Corride, Siviglia, la Plaza di Madrid paragonabile alla Mecca della tauromachia universale, quindi Spagna. Va però subito precisato che la passione per questo spettacolo è radicata pure in Francia (del sud) in Messico, Colombia, Perù, Venezuela e, in differente versione, nel Portogallo.
Toros Bravos. Una razza a sé
2. Importante: per toro bravo non si intende il nostrano coniuge delle mucche pascolanti nel Chianti o nella bassa lodigiana: si tratta invece di un signor bestione da combattimento, il toro iberico, appartenente a una razza speciale che scomparirebbe lo stesso giorno in cui finissero le corride (vecchia tesi di tauromachi e tauromani a difesa e giustificazione della loro passione).
La ganaderìa, allevamento, perpetua la stirpe concedendo lunga e invidiabile vita (pascoli e aria pura della dehesa, pianura) a sementales, riproduttori, e vacas bravas, le mammine. Il toro impiegato (dal 3° anno di età, novillo) nella corrida viene invece ucciso perché ormai non più utile (ha già imparato tutto davanti alla capa e alla muleta, come dicevano antan i toreri sa già il greco e il latino).
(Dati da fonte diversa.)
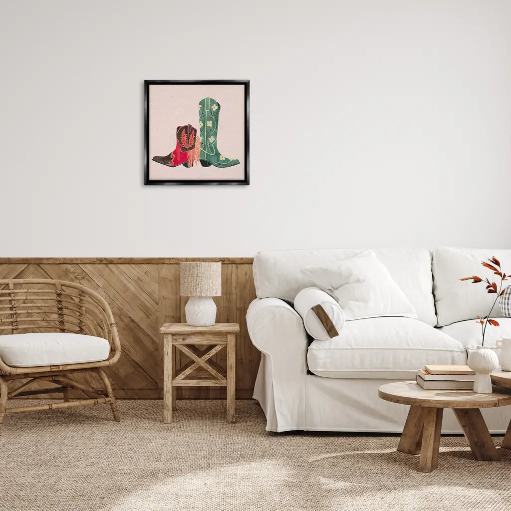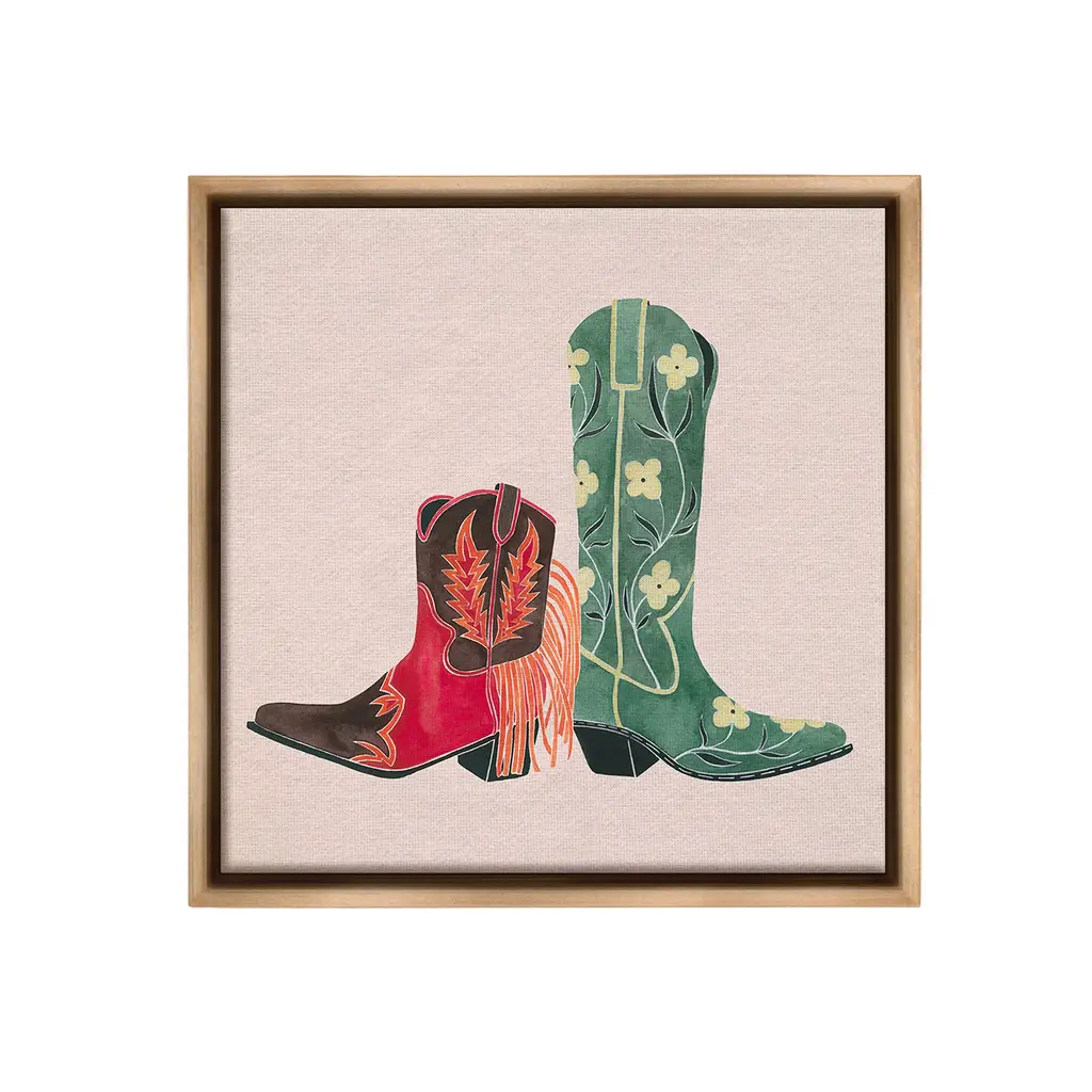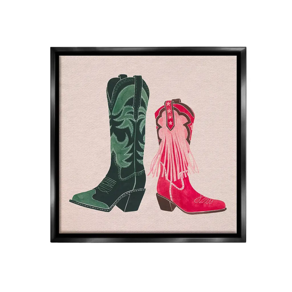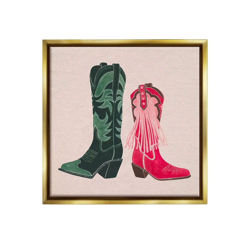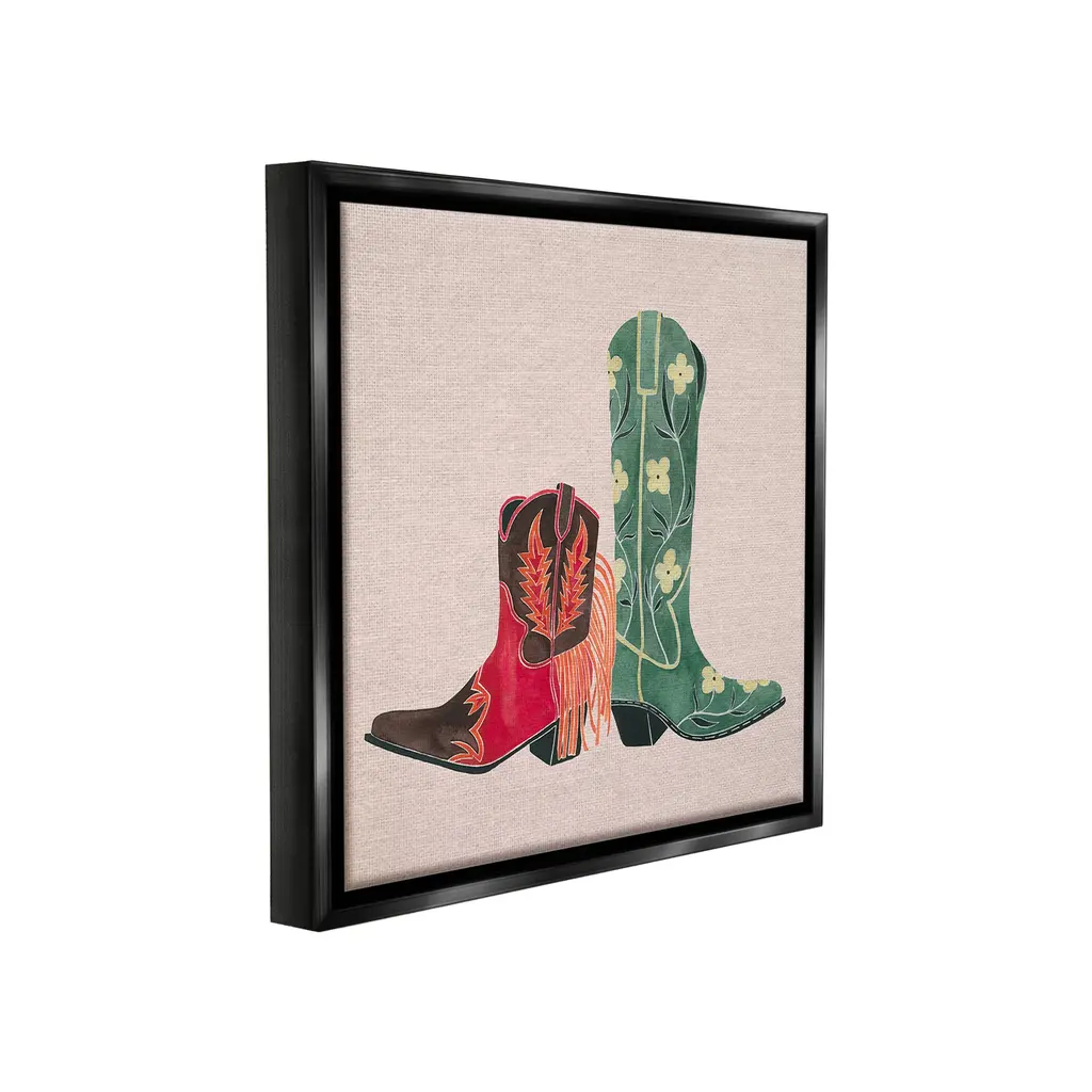 Elevate your home or office to the next level with Stupell Framed Floating Canvas Wall Art. Our premium hand-stretched canvas is mounted securely into a sturdy lightweight frame. The museum-style gap between the wrapped canvas and the box frame gives the illusion of floating artwork. Stupell Wall Art is made in the USA.Features: Dimensions: 18 x 1.7 x 18 Frame, 17 x 1.5 x 17 Canvas ArtFloating Frame Canvas Products are available in sizes 18"x18" and 25"x25". All Floating Frame Canvas Products have a 1.7" Depth.Wall Art is Ready to Hang with Hardware Free Hanging. No Installation required. For Easy Set Up Lean or Layer Artwork on Shelf or Against Wall. Artwork is Permently Fixed into the Frame.Our elevated 1.7" Thick Floating Frame is the perfect complement to our canvas style Wall Art. We use only the highest quality inks in house with industry leading printing solutions. Canvas is hand stretched over a durable wood foundation and then mounted securly into a Modern Box Frame. Made in the USA.Artwork Relates To: Equestrian, Rodeo, Country, Southwestern, Cowboy, Cowgirl, Cowboy BootDesign by Grace Popp

Ma se ha lottato valorosamente viene indultado (evento sempre più frequente, è il caso di Balsa, recentemente graziato da El Juli a Manizales, Colombia).
E una volta deceduto nulla si butterà via del toro: la sua carne, quasi sempre stufata, sarà servita nei ristoranti (generalmente vicini alla plaza). E richiestissimi sono le criadillas (i suoi gioielli ) perché (molti ci giurano) favorenti extrapoteri mascolini (porcacciona libido machista: quante tartarughe non vengono al mondo sulle spiagge del Pacifico solo perché i maschi asiatici ritengono le loro uova afrodisiache).
Aficionados di “gran” nome
Uno spettacolo chiacchieratissimo. E se già son certo di ricevere strali definendo la corrida uno spettacolo, chissà l’incazzatura di qualche lettore se pure aggiungo che nel mundillo taurino è considerata un’arte. Mah. Forse arte è una parolona, e posso solo salvarmi in corner commentando che immortalare los toros costituì la grande passione di Goya e Picasso e furono grandi aficionados Hemingway, Orson Welles, tanti altri scrittori – ma non sto lì a scomodare Garcia Lorca – e artisti, e aggiungo il romagnolo di Zìrvia/Cervia, Max David, grande inviato del Corriere, che sul mondo taurino scrisse il bellissimo “Volapiè”. A ‘sto punto non mi resta che narrare quel che so sulle corride, previe due precisazioni.
Tori “italiani”. Trascorsi storici
1. La tauromachìa
è nata con l’uomo e ha universalmente rappresentato la sfida, l’antitesi tra il bipede e la bestia, la fiera: il minotauro a Creta, i gladiatori del Colosseo, i combattimenti coi tori in Germania nel ‘500.
Anche in Italia si svolsero corride in posti che oggidì si escluderebbe essere stati plazas de toros: la piazza del Campo (quella del Palio) a Siena; quella Nuova a Bergamo Alta (posso produrre la cronaca di una corrida del 6 febbraio 1567); le cacce nei primi anni dell’800 in alcune città marchigiane. Vi fu aficiòn taurina pure tra i bùgia nein piemontesi (spettacolo di tori a Novara, in occasione delle nozze di Vittorio Emanuele I e ultimamente coinvolse financo quei pigroni dei romani (verso la fine degli anni ‘Venti del secolo scorso, una vera e proprio Feria de Toros allo stadio Flaminio, allora chiamato del Partito Fascista).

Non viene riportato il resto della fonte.